[Opening GIVEN DATA section]

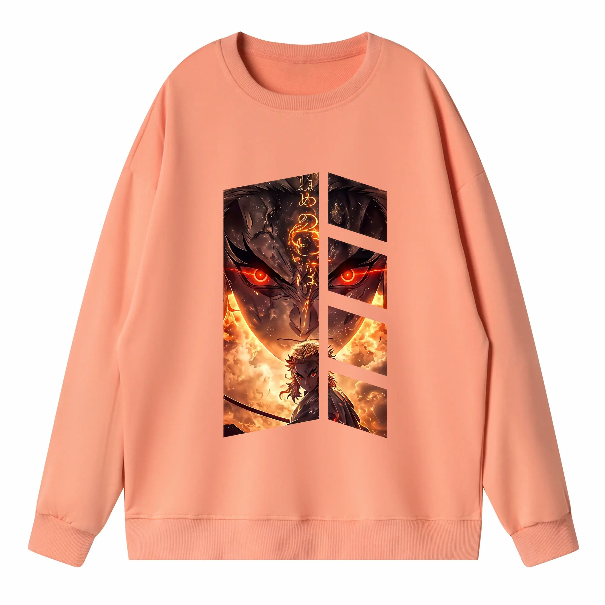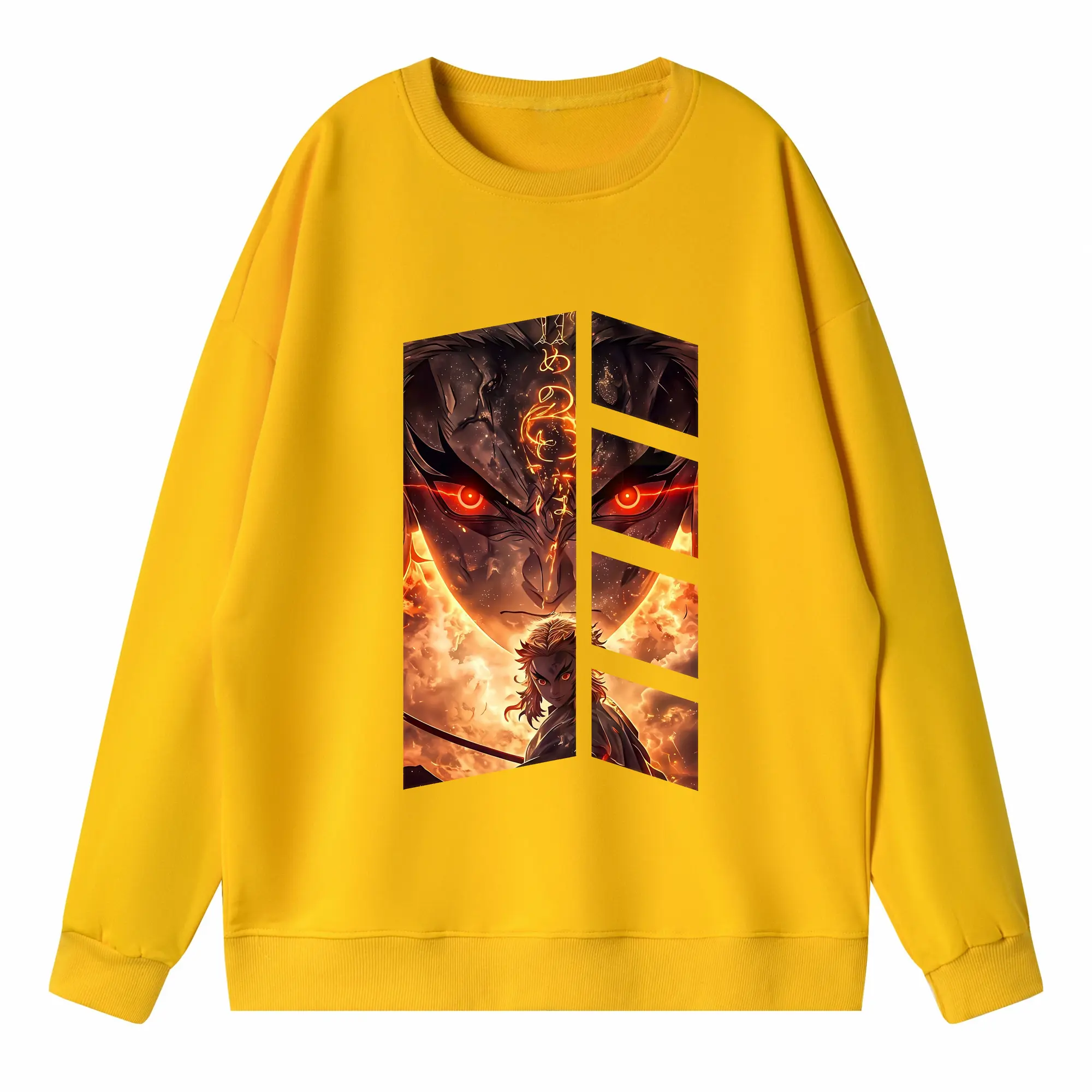 鬼滅の刃 グッズ,煉獄 杏寿郎 - 高品質 クルーネック スウェット ・ コットン59% ポリエステル41% ・ ユニセックス 長袖 トレーナー ・ カジュアル デイリー スポーツ 散歩用
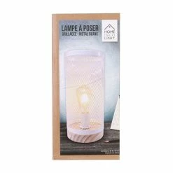 Vente flash đ The Home Deco Light Lampe cylindrique mĂ©tal grillagĂ© socle en bois blanc âš
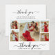 Modern, skript Bröllop 5 Photo Collage - tack för ditt kort i svartvitt. Elegant minimalistisk, snyggt bröllop-kortmall med fem (5) rutnätsfotokollage och ett "Tack" kursivt handskriftsskript med kalligrafi-dekorteckensnitt svan. Anpassa ditt namn och tack för meddelandet.
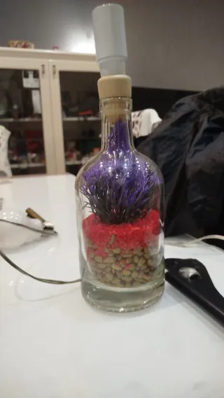 Lampada decorativa in vetro con un design unico. - Elementi decorativi interni: piante viola, sabbia rossa e sassolini oro - Tappo in plastica.
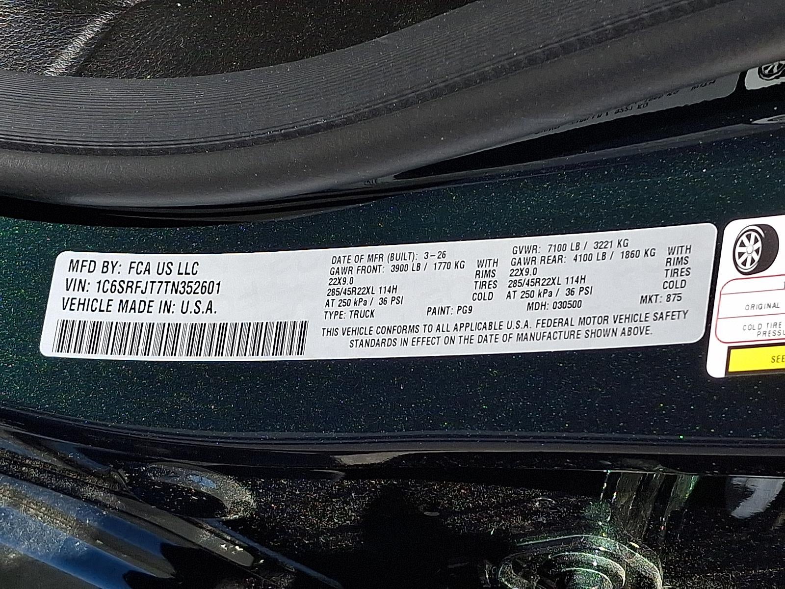 ENGINE: 5.7L V8 HEMI MDS VVT ETORQUE, TRANSMISSION: 8-SPEED AUTOMATIC (8HP75), QUICK ORDER PACKAGE 27H LARAMIE, 3.92 REAR AXLE RATIO, WHEELS: 22"" X 9"" FORGED ALUMINUM, TIRES: 285/45R22XL BSW ALL SEASON, SERRANO GREEN METALLIC, BLACK, LEATHER TRIMMED BUCKET SEATS, BED UTILITY GROUP, LARAMIE LEVEL 1 EQUIPMENT GROUP, NIGHT EDITION, ANTI-SPIN DIFFERENTIAL REAR AXLE, TRAILER BRAKE CONTROL, 33 GALLON FUEL TANK, DUAL-PANE PANORAMIC SUNROOF, FRONT LICENSE PLATE BRACKET, REAR WHEELHOUSE LINERS, MOPAR FRONT & REAR RUBBER FLOOR MATS
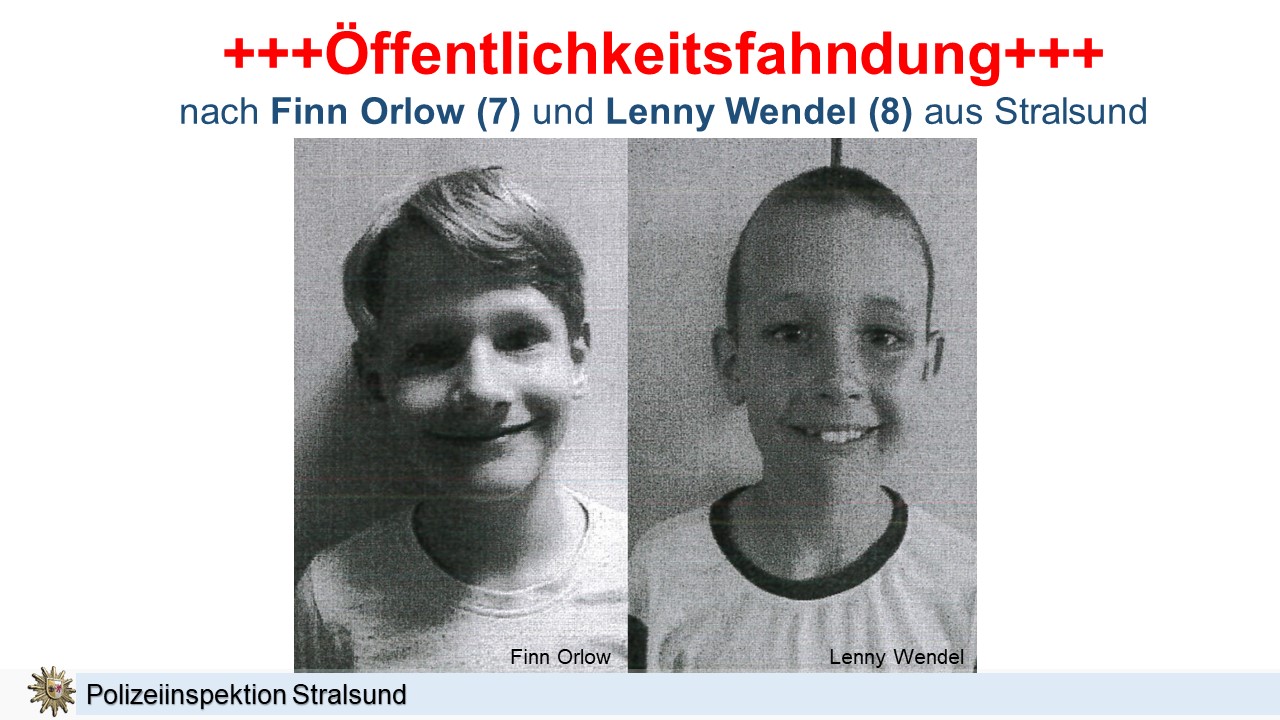 Stralsund (ots) - Seit dem heutigen Tag, dem 05.06.2018 - etwa 08:30 Uhr, werden die Jungen Finn Orlow (7 Jahre) und Lenny Wendel (8 Jahre) aus einer betreuten Einrichtung in der Rostocker Chaussee in Stralsund vermisst. Sie sind nach derzeitigem Stand gemeinsam unterwegs.
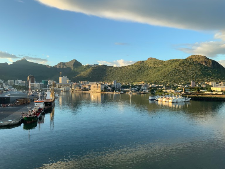 Another early morning docking in a commercial-type port, Port Louis, Mauritius. A remote island in the Indian Ocean near Madagascar and just north of Reunion where our ship will take us tomorrow.

[Closing GIVEN DATA section]

§ WHAT YOU NEED TO DO
Should any entry above carry a picture, omit it and repeat everything else word for word.

§ TASK SOLUTION
 鬼滅の刃 グッズ,煉獄 杏寿郎 - 高品質 クルーネック スウェット ・ コットン59% ポリエステル41% ・ ユニセックス 長袖 トレーナー ・ カジュアル デイリー スポーツ 散歩用
 Vente flash đ The Home Deco Light Lampe cylindrique mĂ©tal grillagĂ© socle en bois blanc âš
 Modern, skript Bröllop 5 Photo Collage - tack för ditt kort i svartvitt. Elegant minimalistisk, snyggt bröllop-kortmall med fem (5) rutnätsfotokollage och ett "Tack" kursivt handskriftsskript med kalligrafi-dekorteckensnitt svan. Anpassa ditt namn och tack för meddelandet.
 Lampada decorativa in vetro con un design unico. - Elementi decorativi interni: piante viola, sabbia rossa e sassolini oro - Tappo in plastica.
 ENGINE: 5.7L V8 HEMI MDS VVT ETORQUE, TRANSMISSION: 8-SPEED AUTOMATIC (8HP75), QUICK ORDER PACKAGE 27H LARAMIE, 3.92 REAR AXLE RATIO, WHEELS: 22"" X 9"" FORGED ALUMINUM, TIRES: 285/45R22XL BSW ALL SEASON, SERRANO GREEN METALLIC, BLACK, LEATHER TRIMMED BUCKET SEATS, BED UTILITY GROUP, LARAMIE LEVEL 1 EQUIPMENT GROUP, NIGHT EDITION, ANTI-SPIN DIFFERENTIAL REAR AXLE, TRAILER BRAKE CONTROL, 33 GALLON FUEL TANK, DUAL-PANE PANORAMIC SUNROOF, FRONT LICENSE PLATE BRACKET, REAR WHEELHOUSE LINERS, MOPAR FRONT & REAR RUBBER FLOOR MATS
 Stralsund (ots) - Seit dem heutigen Tag, dem 05.06.2018 - etwa 08:30 Uhr, werden die Jungen Finn Orlow (7 Jahre) und Lenny Wendel (8 Jahre) aus einer betreuten Einrichtung in der Rostocker Chaussee in Stralsund vermisst. Sie sind nach derzeitigem Stand gemeinsam unterwegs.
 Another early morning docking in a commercial-type port, Port Louis, Mauritius. A remote island in the Indian Ocean near Madagascar and just north of Reunion where our ship will take us tomorrow.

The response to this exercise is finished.